I've got some old (originally Fortran 77) subroutines that I've converted into a DLL that I am calling from Visual Basic 2008.NET SP1. I pass it several variables (some integers, floating points and one string) and it passes back an answer in one of the floating points and the string.
When I run the VB.NET application, either in the Visual Studio IDE or as a compiled executable, I sometimes encounter an error of 'ArithmeticException was unhandled' with a detail of 'Overflow or underflow in the arithmetic operation.' This error coincides with the call to the DLL. The odd part is that if I simply hit continue, the DLL returns the correct results.
Although not 100% consistent, it seems to happen mostly when one of the variables happens to be negative. In playing around, if I eliminate the string variable, I can't seem to make it crash. If I add three more dummy string variables, it doesn't crash. I've even tried passing back some arrays to see what was going on inside the DLL... adding three of them also seems to be successful.

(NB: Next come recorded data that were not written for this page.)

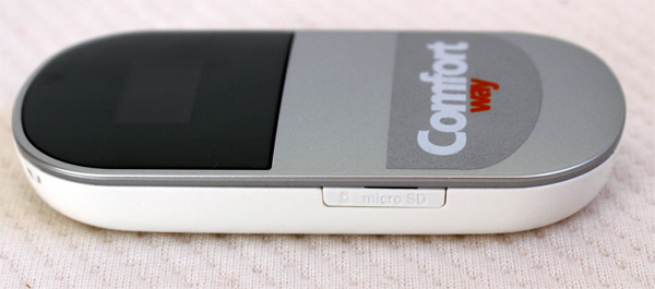 Слева - слот под microSD. В данном случае он практически никак не используется, но планируется в дальнейшем к использованию для хранения, например, корпоративных приложений - чтобы их не закачивать из Сети. Ну и, конечно, можно использовать вставленную в роутер карту как внешний накопитель при подключении роутера кабелем к компьютеру.
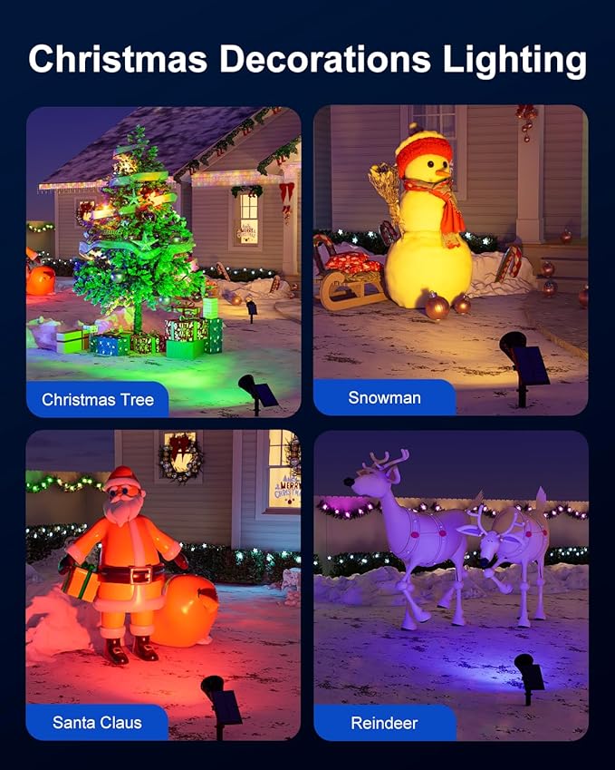 - Personalised Light Color for All Festivals: The color changing solar spot lights are not only suitable for Christmas, but also meet the needs of other festivals such as Halloween, Easter, Independence Day, etc. You can choose the appropriate light colours according to the characteristics of different festivals to create personalised scenes, making your home and yard show unique charm in every festival.
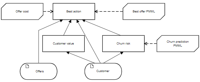 The input data are Customer, with attributes taken from billing records, and Offers that could be extended in order to retain the Customer. The DMN decision Churn risk executes the machine learning model Churn prediction PMML, returning a Boolean value. If Churn risk is true, the decision Best action invokes a second machine learning model Best offer PMML that suggests the Offers likeliest to be attractive to this Customer. Supporting decision Customer value computes a value metric for retaining this Customer and for each Offer, the BKM Offer cost computes its cost. Based on these inputs, Best action selects an Offer, its decision logic explainable even if the logic of Churn prediction PMML and Best offer PMML is not.
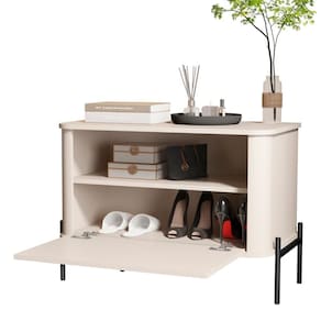Divisória para colocar calçados além de pés e puxador em metal com design exclusivo;

Again, the odd part is that when it does error out, it always gives me back the correct answer on a second (re)try. To me, this seems like some sort of memory allocation issue and adding more variables to the call is simply shifting stuff around in memory and masking an underlying problem.
From VB.NET, all the numeric variables are passed ByRef and the string is passed ByVal (arrays were also passed ByVal)... it won't work any other way. I've checked to make certain the variables match in type in both Fortran and VB code... INTEGERs are Integers in VB (and I've tried declaring them as Short too, just to see) and REALs are Single in VB.
Anybody have any ideas as to what may be happening?